En esos momentos sintieron un suave golpeteo en la puerta de la oficina.
- Si es un cliente dile que estoy ocupado – pidió Mouri Kogoro – me siento fatal.
- Ooooh – dijo Ran sonriendo de un modo realmente inquietante, esas sonrisas frías como el hielo que parecen presagiar el inicio de una tormenta – pues no te veo ocupado y ya que no te avergüenza que un gran detective se encuentre en semejante estado…
- Oe… espera Ran – comenzó a balbucear Mouri.
Pero era tarde para pedir piedad, Ran ya había abierto la puerta para recibir a una mujer de unos treinta y cinco años, vestida totalmente de negro, su blusa, su falda, su chaqueta y sus zapatos eran negros. Traía el largo cabello castaño oscuro atado en una coleta baja y no usaba maquillaje. Miraba hacia abajo con una expresión infinitamente triste y tenía los ojos enrojecidos.
- Es esta la oficina del famoso detective Mouri ¿no es así? – preguntó la mujer con un hilo de voz.
- Sss… si señora, es aquí – respondió Ran, conmovida por el triste aspecto de la mujer.
De la forma más amable y educada de la que fue capaz, Ran condujo a la mujer hasta el sofá donde la invitó a tomar asiento. Mouri, rindiéndose ante la significativa mirada de su hija, se sentó frente a la clienta tratando de disimular el monumental dolor de cabeza producto del alcohol que debía soportar.
- Yo soy el famoso Mouri Kogoro ¿En qué puedo ayudarla? – pregunto el detective.
- Vera… necesito pedirle… - la mujer hizo una pausa, tragó saliva y cerró los ojos unos segundos, como si seguir hablando le produjera un profundo dolor físico – Bueno – dijo al fin – creo que primero debo presentarme, mi nombre es Nanami Chiyako y vengo a pedirle que investigue un caso de asesinato.
- ¿Un caso de asesinato? – preguntó Mouri, algo más interesado en el asunto – cuénteme los detalles.
- Bueno, vera… - se interrumpió nuevamente y Mouri se percató de que Ran y el niño estaban aún en la oficina sin dar ni la más mínima señal de abandonar la estancia.
- ¿A ustedes dos no se les hacía tarde? – preguntó Mouri molesto.
- ¡Aaaah es cierto! – exclamó Ran – vámonos ya Conan - dijo la chica dando media vuelta y cerrando la puerta tras de si.
- Bien, ahora si puede contarme los detalles.

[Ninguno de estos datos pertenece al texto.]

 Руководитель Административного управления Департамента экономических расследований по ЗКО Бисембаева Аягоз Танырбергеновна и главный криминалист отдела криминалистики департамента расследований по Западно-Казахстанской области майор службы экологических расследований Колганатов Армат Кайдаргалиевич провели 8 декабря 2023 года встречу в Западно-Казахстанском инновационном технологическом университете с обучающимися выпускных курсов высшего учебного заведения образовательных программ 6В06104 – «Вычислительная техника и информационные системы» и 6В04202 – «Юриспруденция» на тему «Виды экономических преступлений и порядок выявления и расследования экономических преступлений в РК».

- Se trata de mi hija, Hoshie, hace ya varios días ella no volvió a casa desde la escuela, yo soy escritora de cuentos infantiles y trabajo en casa así que me preocupé en seguida al notar que se hacía muy tarde. Comencé llamando a la escuela, a las casas de sus amigos… ya cuando se hizo de noche di aviso a la policía… días después mi hija apareció muerta en un parque lejos de casa.

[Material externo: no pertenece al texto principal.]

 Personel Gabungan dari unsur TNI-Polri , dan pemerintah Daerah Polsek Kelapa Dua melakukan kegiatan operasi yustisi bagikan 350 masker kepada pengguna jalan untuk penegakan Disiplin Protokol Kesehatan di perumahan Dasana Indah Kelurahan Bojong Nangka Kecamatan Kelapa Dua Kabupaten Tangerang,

- ¿Sabe de alguien que podría tenerle rencor a su hija?
- Claro que no, mi niña tenía sólo siete años ¿quién podría tenerle rencor?
- ¡Siete años! – se sorprendió Mouri - ¿y sospecha de alguien que deseara venganza contra usted o su esposo… o algo así?
- Nadie, somos personas muy tranquilas detective, no veo quien podría hacernos algo tan terrible. La verdad es que no hay sospechosos ni nada, la policía esta muy confundida… Y la forma en que la encontraron era tan extraña, todo es tan… Simplemente no puedo entenderlo por eso acudo a usted, he leído en la prensa que ha logrado resolver casos que han dejado perpleja a la policía y este es tan raro que no se si usted…
- No se preocupe señora, yo el gran detective Mou…
La puerta se abrió de golpe justo en ese momento, una muy enojada Ran entró precipitadamente.
- ¡Con que seguías aquí! – exclamó. Tras el sofá, precariamente escondido se hallaba Conan, quien no había perdido detalle de la conversación. Mouri enrojeció de ira.
- ¡Ran llévate a este mocoso de aquí, estoy con una cliente hablando de un asunto serio!
- En seguida ¡vamos Conan! – la joven cogió la mano del niño y lo arrastró fuera de la oficina.
- Ahora si podré trabajar en paz – murmuró Mouri.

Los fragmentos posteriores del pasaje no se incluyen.